文摘【Purposes】The new energy generation represented by wind power is the most realistic strategic choice to achieve the goals of carbon peaking and carbon neutrality. To absorb renewable energy electricity in power grids, a new probabilistic evaluation method for available transmission capacity in transmission systems is proposed based on joint cumulants, and a decision model for risk available transmission capacity based on expected quantiles is proposed accordingly. As a vital component of available transmission capacity(ATC) calculation, the transmission reliability margin(TRM), as a reserved transmission capacity, reflects the impact of uncertainty factors on transmission capacity.
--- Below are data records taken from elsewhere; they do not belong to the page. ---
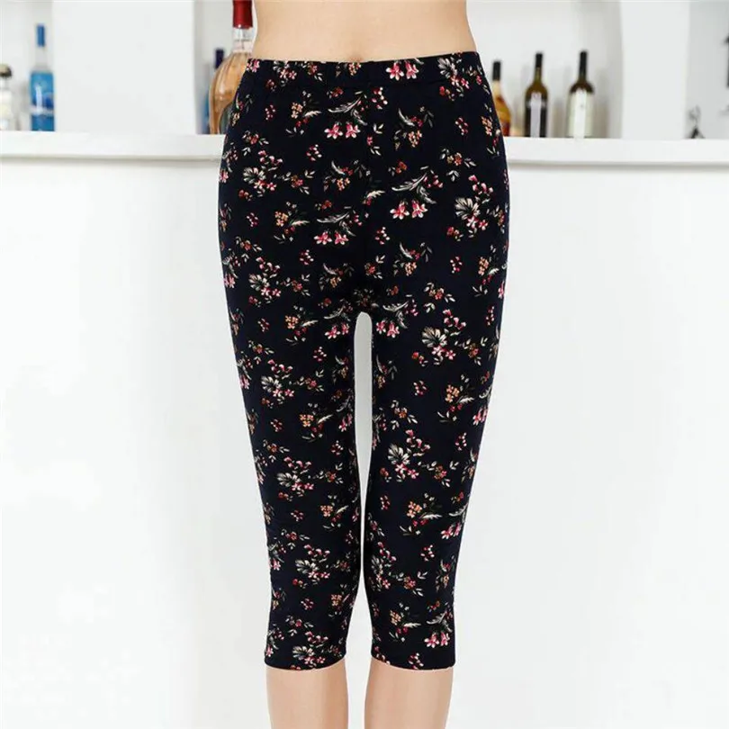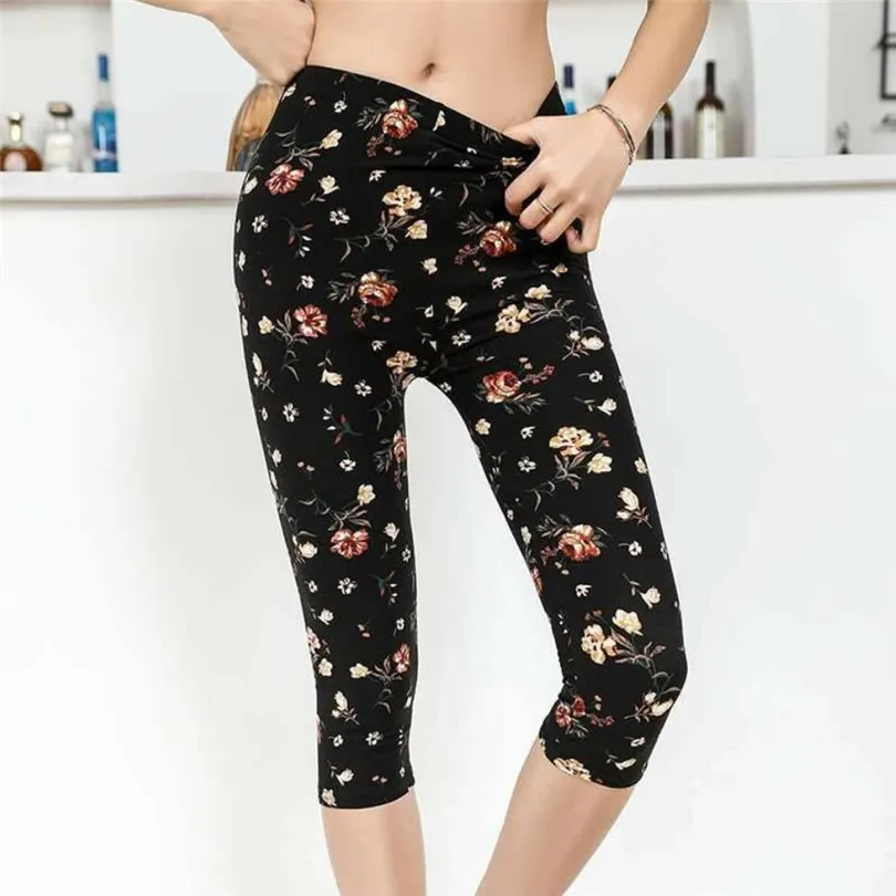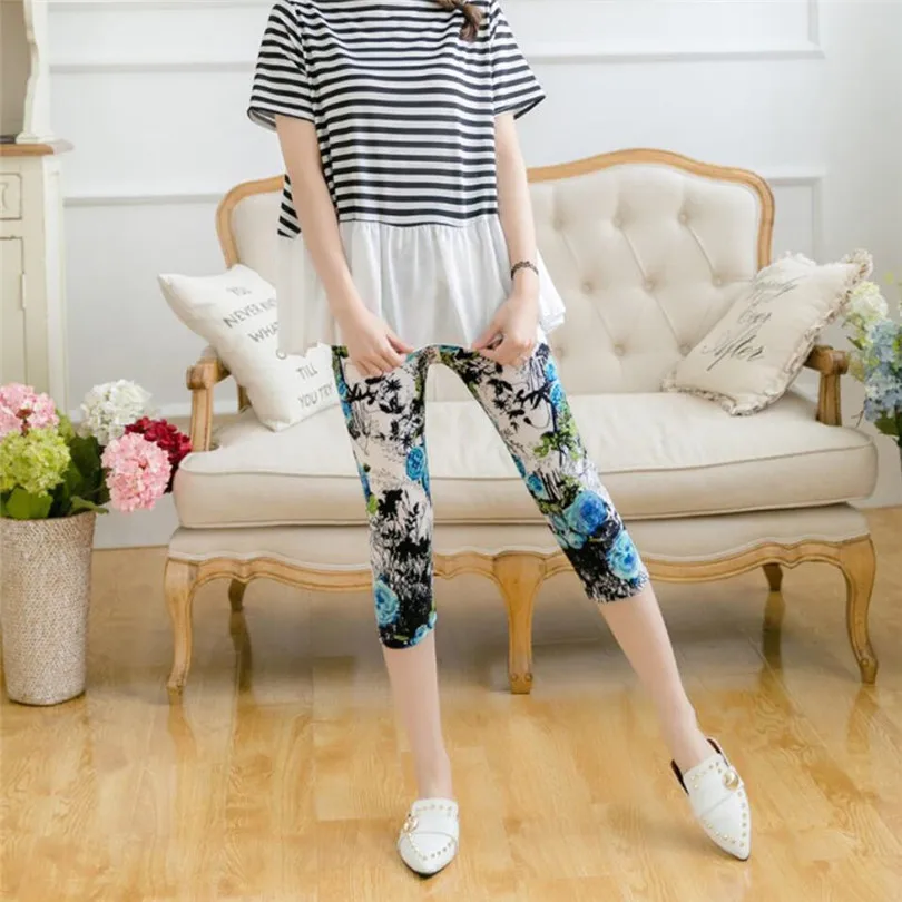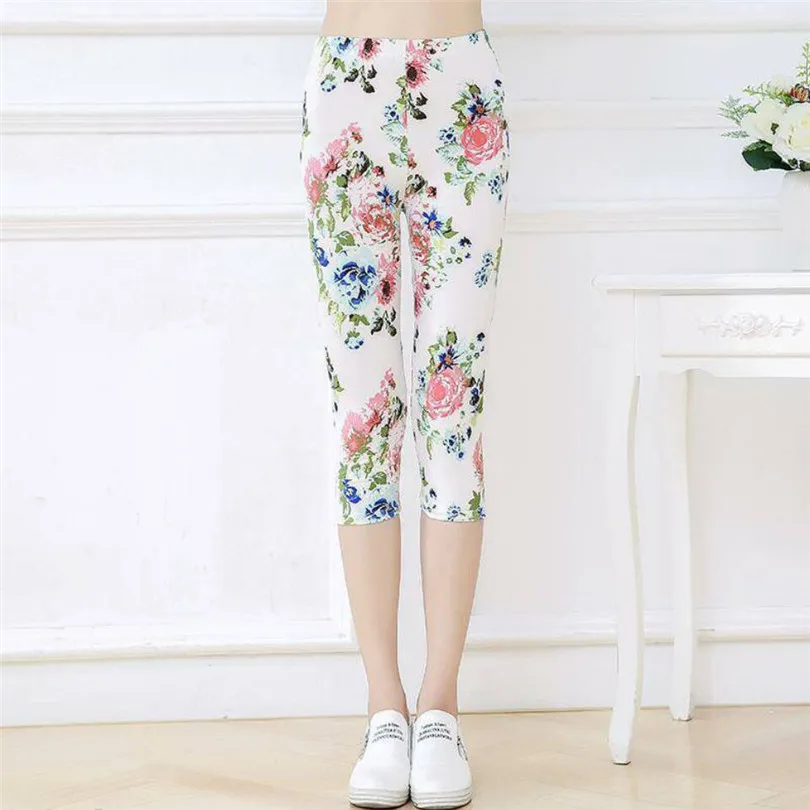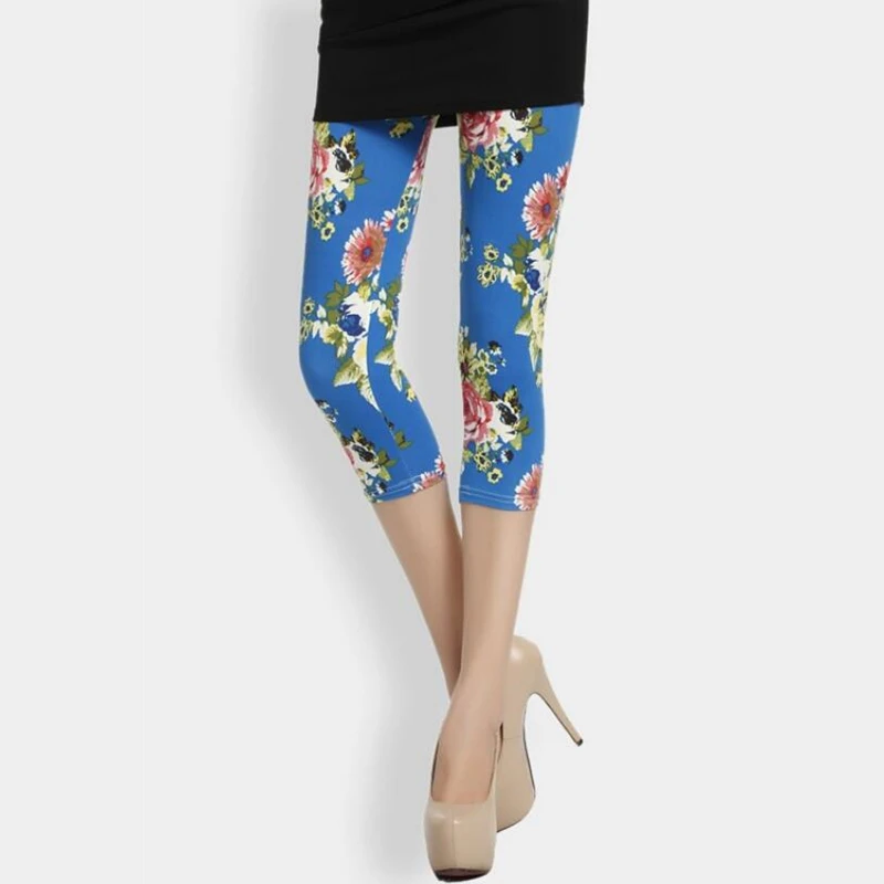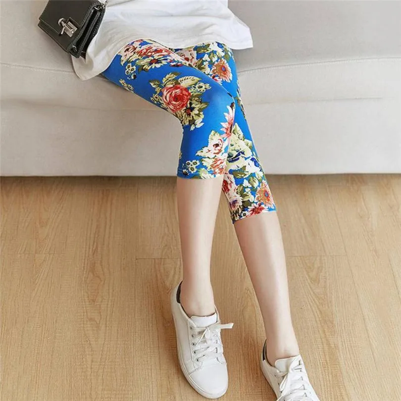 Женские леггинсы CHSDCSI, модные белые леггинсы для фитнеса с цветочным принтом, Капри с завышенной талией цвета хаки, синие шорты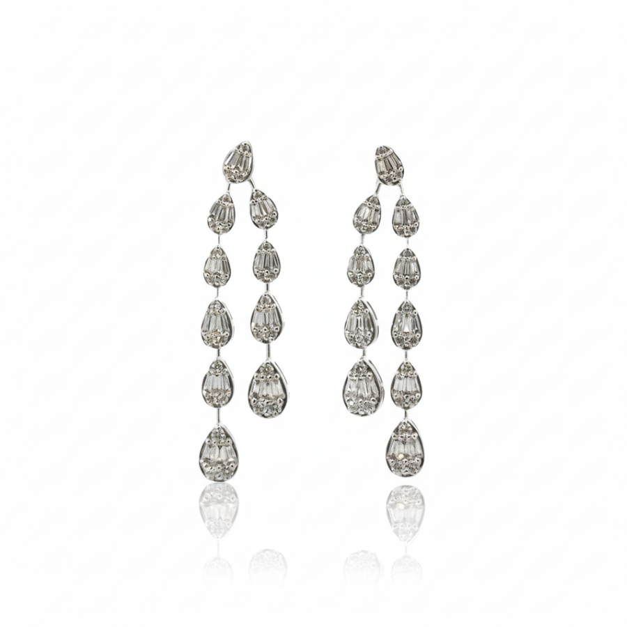 Exquisitos aretes de oro sólido que caen con unas delicadas gotas formadas por diamantes naturales en distintos cortes creando el...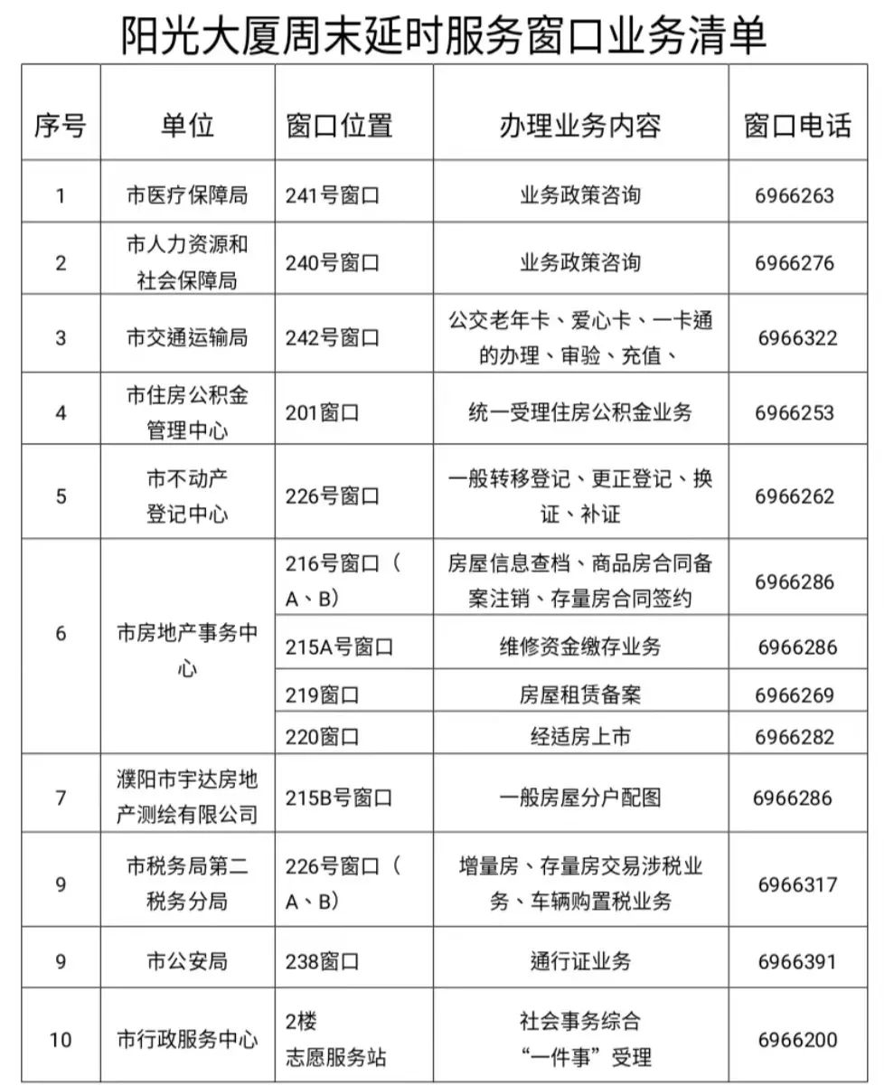 濮阳市行政服务中心(阳光大厦)政务服务大厅窗口咨询电话,医保业务查询、政策咨询电话:8759981,职工退休申报咨询电话:8759963,失业金发放窗口咨询电话:8759993

However, in traditional calculation methods, TRM is determined through deterministic or probabilistic methods, which is difficult to reflect the risks brought by large-scale wind power consumption to ATC and cannot meet the requirements for transmission capacity risk management. 【Methods】Firstly, to address the issue that the cumulative method requires variables to be independent of each other and cannot consider the correlation of wind power output, a joint cumulative method combined with FGM Copula function is proposed to characterize the correlation of wind power output;Secondly, for the probabilistic assessment of available transmission capacity, a probabilistic assessment model for available transmission capacity is established by combining the partition integration method and the Comish Fisher expansion;Finally, in response to the problem that decision methods based on value at risk only consider the probability achieved at the tail of the probability distribution and cannot describe the risks generated throughout the distribution, a risk available transmission capacity index based on expected quantiles is proposed, and its evaluation process is proposed. 【Results】Verify the feasibility and practicality of the proposed indicators and models through case analysis.